ECKE 8

ECKE 8

Allgemeines
Name unbekannt
Fischereikennzeichen ECKE 181
später ECKE 8
Unterscheidungssignal LRQP
ab 1934: DDMP
Eigner Fritz Jakobsen
Hans Jarck & Genossen
Christian Mahrt
Johann Vosgerau
Typ Motorkutter
Baujahr 1921
Bauwerft Siegfried-Werft, Eckernförde
Bauart Holz, geklinkert, Spitzgatter
Status 1972 nach Dänemark verkauft
Technische Daten
Länge 13,00 m
später 13,20 m
Vermessung 12,6 BRT / 3,6 NRT
später 13 BRT / 3,64 NRT
Maschine Callesen, 24 PS
später 25 PS
Neufeld & Kuhnke-Glühkopfmotor, 35 PS
Besatzung 3 Mann

ECKE 8

Geschichte

Dieser Kutter wurde 1921 auf der Siegfried-Werft in Eckernförde gebaut. Es handelte sich um einen geklinkerten Spitzgatter aus Holz.

Das Fahrzeug führte zunächst das Fischereikennzeichen ECKE 181. Als Eigner werden in den Quellen unter anderem Fritz Jakobsen, Hans Jarck & Genossen sowie später Christian Mahrt genannt. Zu den Genossen gehörten August Kruse, Christian Neumann, Martin Kruse, Franz Kruse und Christian Föh.

In den Jahren 1938/39 erscheint der Kutter als Motorkutter mit 35 PS unter Christian Mahrt. Nach Gröner wird außerdem Johann Vosgerau genannt.

Am 12. August 1940 wurde das Fahrzeug für das Unternehmen Seelöwe von der Kriegsmarine erfasst. Später gehörte der Kutter zur Motorboot-Abteilung Amsterdam. Weitere Nachweise nennen 1943 Einsätze als Nebelträger in Norwegen beziehungsweise Stettin.

Am 13. Juli 1945 wurde das Schiff zurückgegeben. Danach wurde das Fischereikennzeichen auf ECKE 8 umgeschrieben.

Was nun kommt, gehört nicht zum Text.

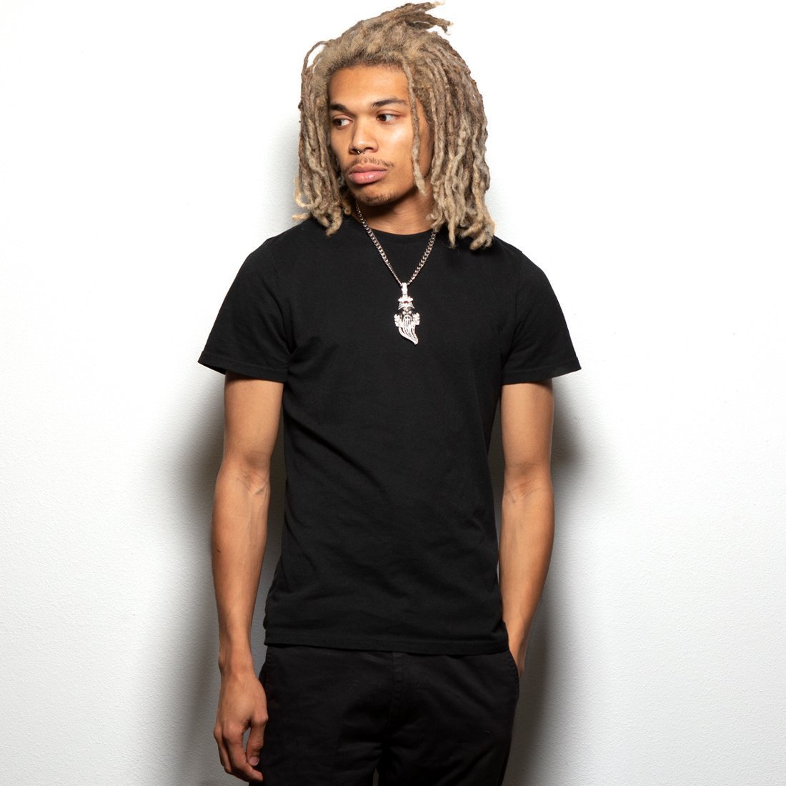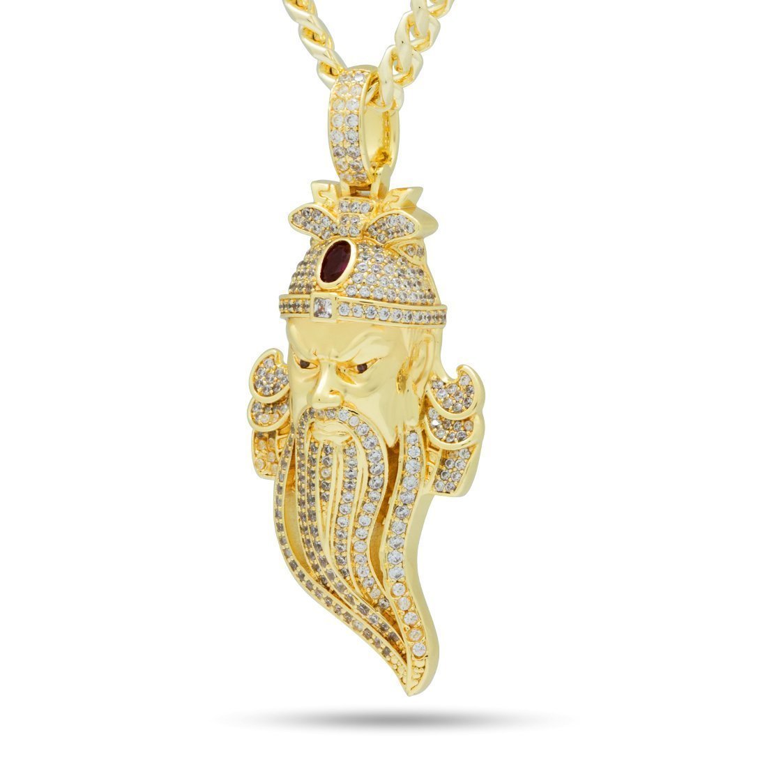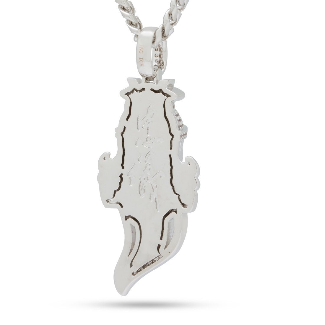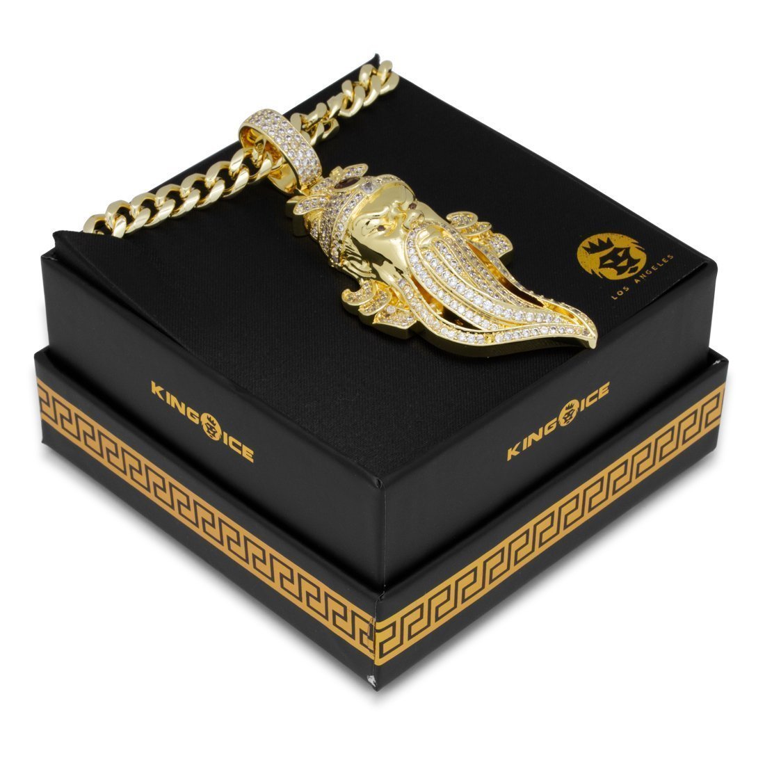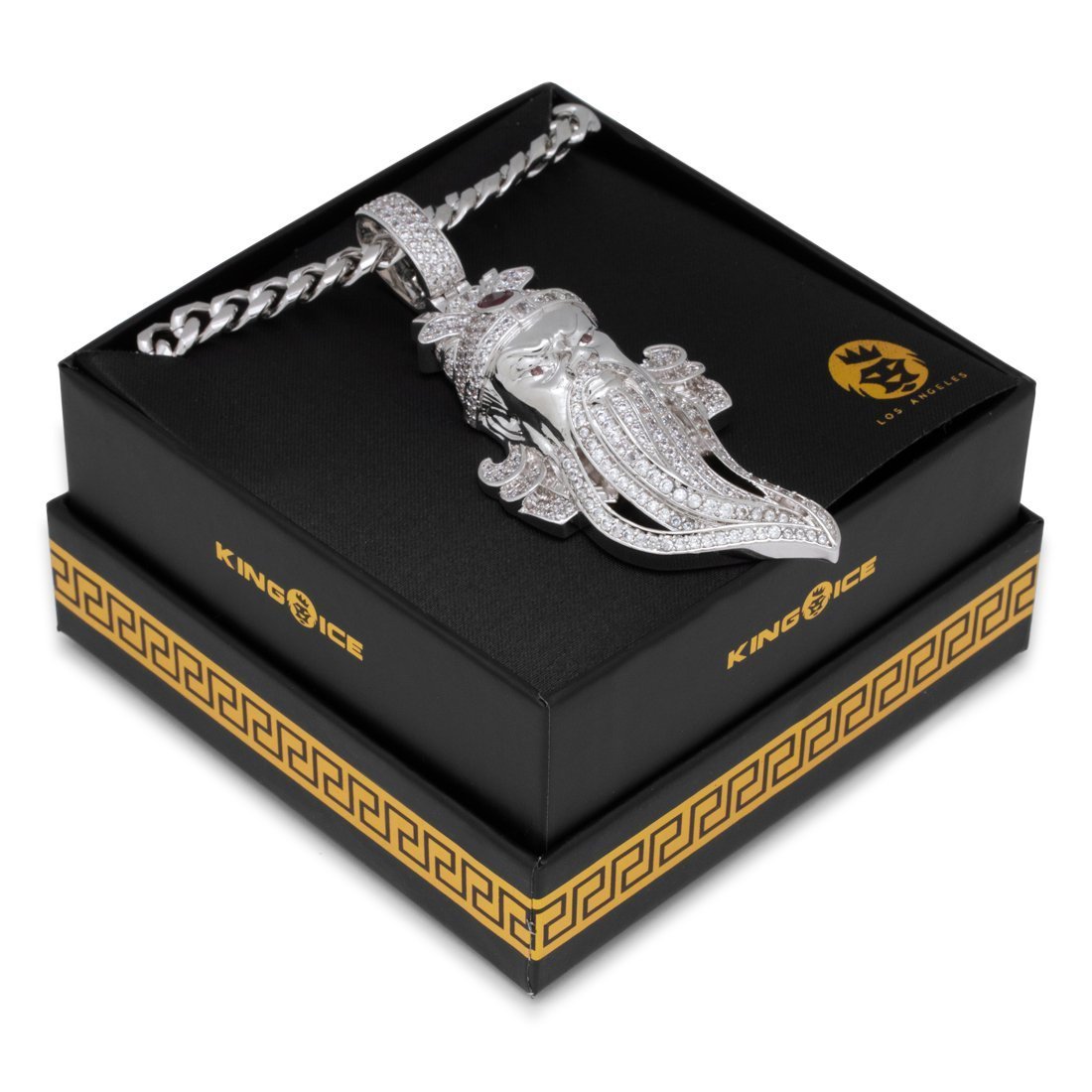 Known as the God of War during the Eastern Han Dynasty in China, Guan Yu was a warrior for his people. Many knew him to be courageous, strong and loyal. Now, King Ice pays tribute with an iced Guan Yu necklace. Each necklace is plated with gleaming white gold and VVS Diamond Simulates border Yu's design. A red ruby simulate brightens Yu's head wear for extra color. The back of every pendant has "loyalty" and "integrity" engraved in Chinese to complete Guan Yu's necklace. Each small necklace is accompanied with a 5mm, 20" Miami Cuban Chain and each large comes with an 8mm, 20" Miami Cuban Chain.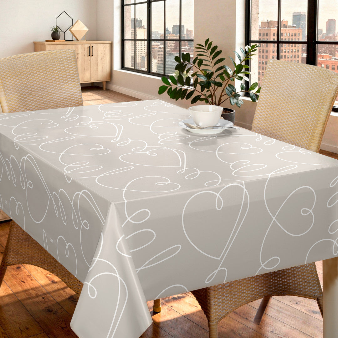 Den varma grå nyansen, inspirerad av Earl Grey-teets dämpade toner, skapar en lugn bas medan de ljusa linjerna ger ett lätt och modernt uttryck. Kombinationen gör duken enkel att passa in i många typer av inredning, från minimalistisk och nordisk till mer personlig och kreativ stil.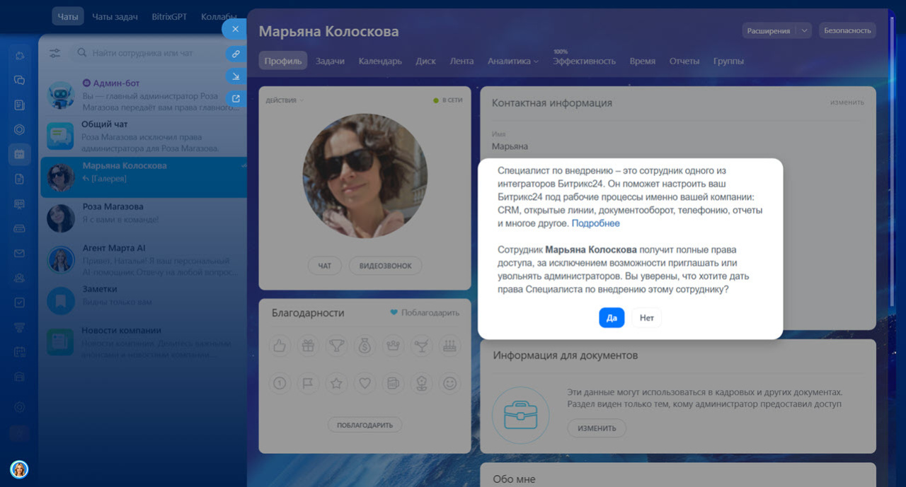 Специалист по внедрению — это сотрудник компании-интегратора, который помогает настраивать инструменты Битрикс24. Так называется и его роль в Битрикс24. У специалиста по внедрению есть такие же права, как у администратора, но с некоторыми ограничениями.

1953 war der Kutter noch vorhanden. Nach Angaben von Bernd Gradlowski wurde er 1972 nach Dänemark verkauft.

ECKE 8, ehemals ECKE 181 von Johannes Vosgerau. Rechts liegt SÖTE DEERN aus dem Betrieb Karl Rehbehn. Foto: Heimatgemeinschaft Eckernförde.